Support Questions

Find answers, ask questions, and share your expertise

Raw Data Ingestion into Cluster

avatar
Contributor

I have question regarding, if we are creating common reservoir for the files in hadoop which can later be used for any purpose, may it be spark processing or pig or hive ...etc.

Now I have question on while sqooping data into the hadoop, which file format to choose, any industry wide standards ?

1)Text delimited ( compressed or un-compressed ?)

2) AVRO

3)Parquet

2 REPLIES 2

avatar

If your using HDFS just to land tables (rows and columns) extracted from an RDBMS via Sqoop, then just store it as raw text if your looking for speed. Compress it if your concerned about space in HDFS.

Use Avro if you want a schema for the data.

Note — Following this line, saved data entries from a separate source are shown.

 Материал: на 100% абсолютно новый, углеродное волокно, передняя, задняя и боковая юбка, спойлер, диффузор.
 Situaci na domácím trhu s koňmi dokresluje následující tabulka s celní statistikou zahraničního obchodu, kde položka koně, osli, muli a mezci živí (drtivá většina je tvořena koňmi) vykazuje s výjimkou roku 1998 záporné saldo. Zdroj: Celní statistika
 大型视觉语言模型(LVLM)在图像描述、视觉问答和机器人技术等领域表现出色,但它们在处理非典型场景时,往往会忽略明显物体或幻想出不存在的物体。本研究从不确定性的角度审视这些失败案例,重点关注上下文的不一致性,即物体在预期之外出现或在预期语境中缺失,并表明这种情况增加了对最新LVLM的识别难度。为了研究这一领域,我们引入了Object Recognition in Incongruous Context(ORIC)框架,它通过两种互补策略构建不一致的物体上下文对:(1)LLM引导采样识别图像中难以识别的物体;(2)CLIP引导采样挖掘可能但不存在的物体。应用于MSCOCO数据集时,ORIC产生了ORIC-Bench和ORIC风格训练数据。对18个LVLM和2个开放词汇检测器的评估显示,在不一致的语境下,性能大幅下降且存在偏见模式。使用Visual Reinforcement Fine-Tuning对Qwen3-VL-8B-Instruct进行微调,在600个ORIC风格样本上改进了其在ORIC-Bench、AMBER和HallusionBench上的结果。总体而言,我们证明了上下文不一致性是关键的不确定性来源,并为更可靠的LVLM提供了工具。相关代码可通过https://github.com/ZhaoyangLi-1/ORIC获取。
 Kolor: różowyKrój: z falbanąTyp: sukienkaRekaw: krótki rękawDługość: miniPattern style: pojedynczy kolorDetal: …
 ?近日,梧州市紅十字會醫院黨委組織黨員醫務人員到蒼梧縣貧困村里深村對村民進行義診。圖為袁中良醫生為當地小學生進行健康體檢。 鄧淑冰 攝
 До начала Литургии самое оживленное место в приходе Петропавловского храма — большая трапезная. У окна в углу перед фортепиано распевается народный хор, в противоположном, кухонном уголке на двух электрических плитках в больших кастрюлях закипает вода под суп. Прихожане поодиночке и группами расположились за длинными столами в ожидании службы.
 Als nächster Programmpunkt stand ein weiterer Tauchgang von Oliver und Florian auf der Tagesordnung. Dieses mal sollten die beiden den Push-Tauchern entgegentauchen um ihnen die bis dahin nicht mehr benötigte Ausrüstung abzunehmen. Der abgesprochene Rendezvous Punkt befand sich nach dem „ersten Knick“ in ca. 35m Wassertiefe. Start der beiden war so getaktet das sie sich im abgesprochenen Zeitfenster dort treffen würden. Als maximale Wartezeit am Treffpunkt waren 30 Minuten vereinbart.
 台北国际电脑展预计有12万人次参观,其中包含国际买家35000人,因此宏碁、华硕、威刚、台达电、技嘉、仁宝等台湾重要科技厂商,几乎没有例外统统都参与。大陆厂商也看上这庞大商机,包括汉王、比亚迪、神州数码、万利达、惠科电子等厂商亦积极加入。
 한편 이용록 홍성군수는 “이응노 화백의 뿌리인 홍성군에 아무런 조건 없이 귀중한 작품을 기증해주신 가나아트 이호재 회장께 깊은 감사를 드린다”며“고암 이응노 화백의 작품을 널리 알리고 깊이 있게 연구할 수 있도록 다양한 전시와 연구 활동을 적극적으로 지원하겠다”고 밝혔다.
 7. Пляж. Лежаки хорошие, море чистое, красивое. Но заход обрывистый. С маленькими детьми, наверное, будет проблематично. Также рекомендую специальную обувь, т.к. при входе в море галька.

I would use Parquet for the final Hive table if the query access patterns are to select only a few columns and do aggregations. If the query access patterns are to select all the columns, then a columnar format such as Parquet would not be needed.

What type of analysis would you do on the files using Spark? Spark has a lot of optimizations for Parquet. Not only can Spark quickly parse and process data in Parquet files, Spark can also push filtering down to the disk layer via Predicate Pushdown Optimization. Spark can also process text files very quickly via the CSV parser from Databricks.

avatar
Rising Star

Usually If we are using sqoop to import the data from any RDBMS,following is the folder structure we maintain in hdfs

raw_tbl->/data/raw (Landing folder for the initial text data after sqoop import)

source_tbl ->/data/source/(Create source table as ORC by selecting the data from raw tbl)

master_tbl -> /data/publish/<partion> (Create a master table in ORC by creating a parttiion and move the data from the source_tbl)

If you are using spark to save the dataframe,better save the dataframe in ORC format,since it gives better compression than any other format( such as avro ,parquet)